Cost#

class empulse.metrics.Cost[source]#

Strategy for the Expected Cost metric.

build(tp_benefit, tn_benefit, fp_cost, fn_cost)[source]#

Build the metric strategy.

gradient_boost_objective(y_true, y_score, **kwargs)[source]#

Compute the gradient of the metric with respect to gradient boosting instances.

Parameters:
y_true: array-like of shape (n_samples,)

The ground truth labels.

y_score: array-like of shape (n_samples,)

The predicted labels, probabilities, or decision scores (based on the chosen metric).

parameters: float or array-like of shape (n_samples,)

The parameter values for the costs and benefits defined in the metric.

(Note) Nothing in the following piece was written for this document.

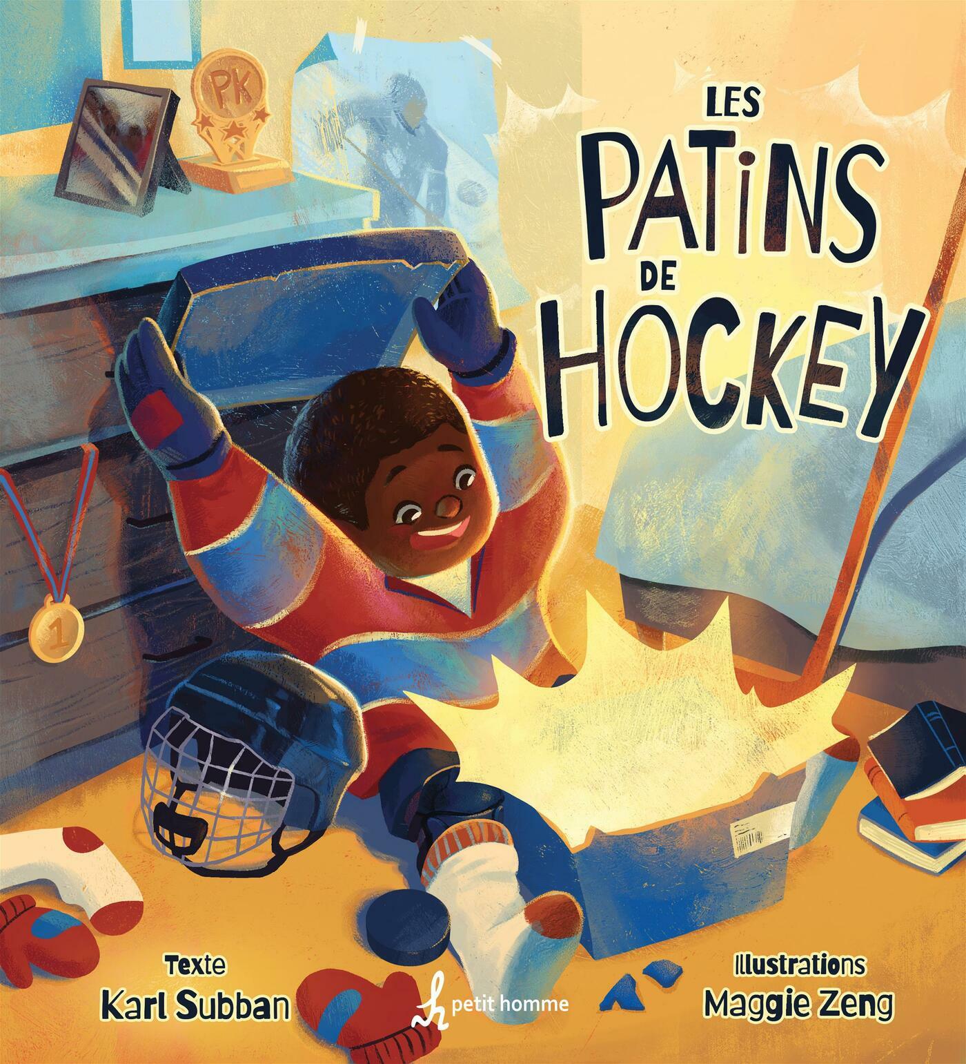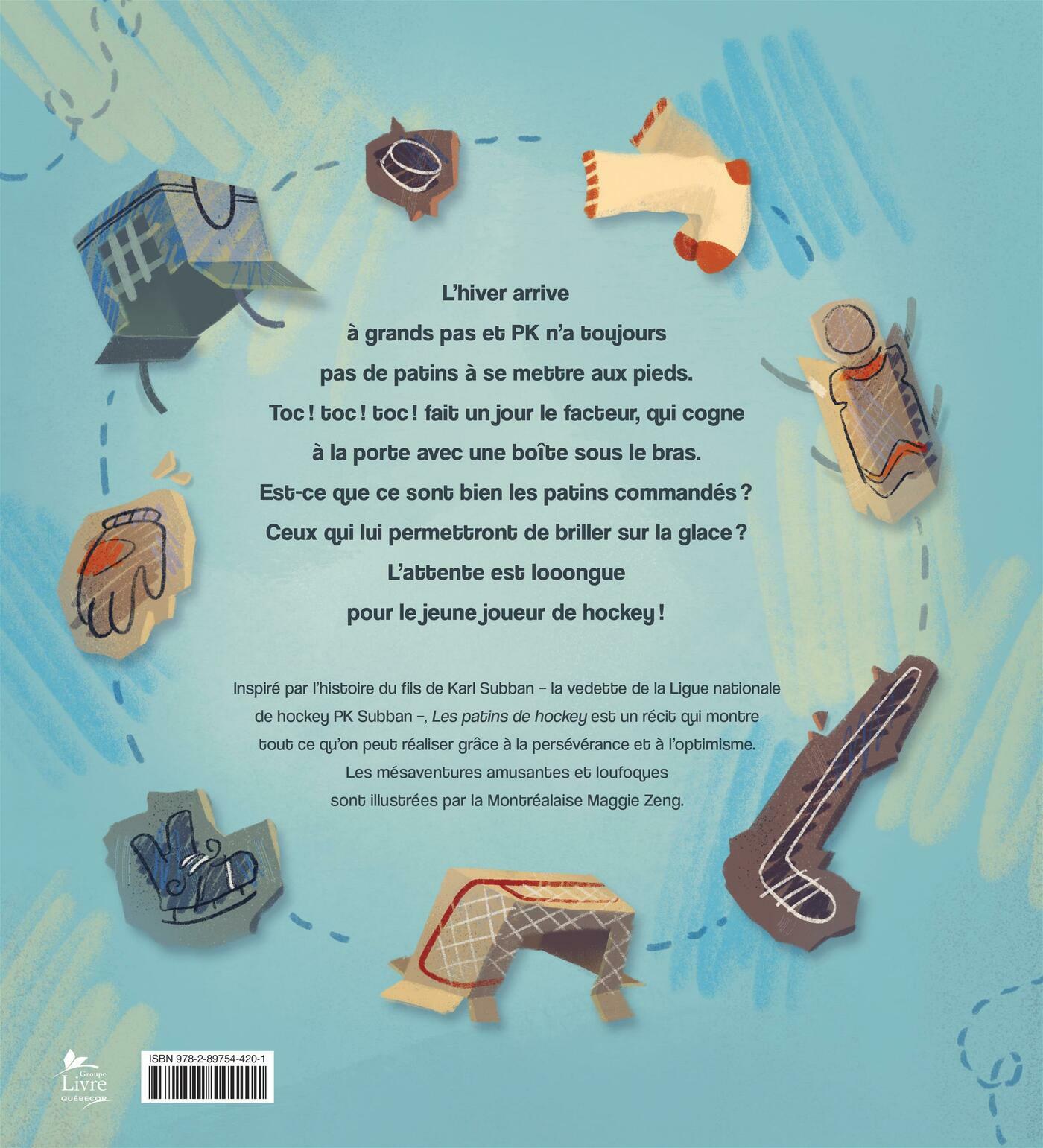 L'hiver arrive à grands pas et PK n'a toujours pas de patins à se mettre aux pieds. Toc! toc! toc! fait un jour le facteur, qui cogne à la porte avec une boîte sous le bras. Est-ce que ce sont bien les patins commandés? Ceux qui lui permettront de briller sur la glace? L'attente est looongue pour le jeune joueur de hockey!

If any parameter is a stochastic variable, you should pass values for their distribution parameters. You can set the parameter values for either the symbol names or their aliases.

  • If float, the same value is used for all samples (class-dependent).

  • If array-like, the values are used for each sample (instance-dependent).

Returns:
gradientNDArray of shape (n_samples,)

The gradient of the metric loss with respect to the gradient boosting weights.

hessianNDArray of shape (n_samples,)

The hessian of the metric loss with respect to the gradient boosting weights.

logit_objective(features, weights, y_true, **parameters)[source]#

Compute the metric value and the gradient of the metric with respect to logistic regression coefficients.

Parameters:
featuresNDArray of shape (n_samples, n_features)

The features of the samples.

weightsNDArray of shape (n_features,)

The weights of the logistic regression model.

y_trueNDArray of shape (n_samples,)

The ground truth labels.

parametersfloat or NDArray of shape (n_samples,)

The parameter values for the costs and benefits defined in the metric. If any parameter is a stochastic variable, you should pass values for their distribution parameters. You can set the parameter values for either the symbol names or their aliases.

  • If float, the same value is used for all samples (class-dependent).

  • If array-like, the values are used for each sample (instance-dependent).

Returns:
valuefloat

The metric loss to be minimized.

gradientNDArray of shape (n_features,)

The gradient of the metric loss with respect to the logistic regression weights.

optimal_rate(y_true, y_score, **parameters)[source]#

Compute the predicted positive rate to optimize the metric value.

Parameters:
y_true: array-like of shape (n_samples,)

The ground truth labels.

y_score: array-like of shape (n_samples,)

The predicted labels, probabilities, or decision scores (based on the chosen metric).

parameters: float or array-like of shape (n_samples,)

The parameter values for the costs and benefits defined in the metric. If any parameter is a stochastic variable, you should pass values for their distribution parameters. You can set the parameter values for either the symbol names or their aliases.

  • If float, the same value is used for all samples (class-dependent).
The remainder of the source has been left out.